EXERCISE DIRECTIONS :: Your task is to transcribe the entries below exactly, from their first line down to the line containing "هر دو محل با", and to stop there.

RECORDS SUPPLIED ::
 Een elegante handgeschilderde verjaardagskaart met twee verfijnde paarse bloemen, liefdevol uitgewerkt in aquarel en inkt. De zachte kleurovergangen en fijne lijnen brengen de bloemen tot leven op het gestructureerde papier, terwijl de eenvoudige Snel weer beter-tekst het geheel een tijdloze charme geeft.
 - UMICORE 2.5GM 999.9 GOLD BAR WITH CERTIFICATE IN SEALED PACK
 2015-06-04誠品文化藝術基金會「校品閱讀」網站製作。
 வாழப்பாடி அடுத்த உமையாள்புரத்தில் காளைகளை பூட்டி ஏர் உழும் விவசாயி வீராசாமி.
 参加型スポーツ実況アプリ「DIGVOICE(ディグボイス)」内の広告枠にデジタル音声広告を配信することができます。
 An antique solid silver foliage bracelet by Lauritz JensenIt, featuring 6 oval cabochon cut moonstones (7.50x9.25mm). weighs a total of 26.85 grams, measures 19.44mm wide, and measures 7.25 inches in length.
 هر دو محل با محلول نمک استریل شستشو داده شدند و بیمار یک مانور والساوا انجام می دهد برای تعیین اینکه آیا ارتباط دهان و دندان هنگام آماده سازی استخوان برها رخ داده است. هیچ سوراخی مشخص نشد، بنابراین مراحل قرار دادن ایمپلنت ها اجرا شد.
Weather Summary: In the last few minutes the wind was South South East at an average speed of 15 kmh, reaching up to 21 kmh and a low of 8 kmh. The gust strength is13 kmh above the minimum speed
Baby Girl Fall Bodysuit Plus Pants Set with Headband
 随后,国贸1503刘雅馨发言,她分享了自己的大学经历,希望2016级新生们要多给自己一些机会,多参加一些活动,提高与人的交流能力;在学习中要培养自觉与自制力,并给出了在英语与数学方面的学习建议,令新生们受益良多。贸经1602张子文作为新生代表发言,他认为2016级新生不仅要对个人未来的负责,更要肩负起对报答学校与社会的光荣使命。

FINISHED EXERCISE ::
 Een elegante handgeschilderde verjaardagskaart met twee verfijnde paarse bloemen, liefdevol uitgewerkt in aquarel en inkt. De zachte kleurovergangen en fijne lijnen brengen de bloemen tot leven op het gestructureerde papier, terwijl de eenvoudige Snel weer beter-tekst het geheel een tijdloze charme geeft.
 - UMICORE 2.5GM 999.9 GOLD BAR WITH CERTIFICATE IN SEALED PACK
 2015-06-04誠品文化藝術基金會「校品閱讀」網站製作。
 வாழப்பாடி அடுத்த உமையாள்புரத்தில் காளைகளை பூட்டி ஏர் உழும் விவசாயி வீராசாமி.
 参加型スポーツ実況アプリ「DIGVOICE(ディグボイス)」内の広告枠にデジタル音声広告を配信することができます。
 An antique solid silver foliage bracelet by Lauritz JensenIt, featuring 6 oval cabochon cut moonstones (7.50x9.25mm). weighs a total of 26.85 grams, measures 19.44mm wide, and measures 7.25 inches in length.
 هر دو محل با محلول نمک استریل شستشو داده شدند و بیمار یک مانور والساوا انجام می دهد برای تعیین اینکه آیا ارتباط دهان و دندان هنگام آماده سازی استخوان برها رخ داده است. هیچ سوراخی مشخص نشد، بنابراین مراحل قرار دادن ایمپلنت ها اجرا شد.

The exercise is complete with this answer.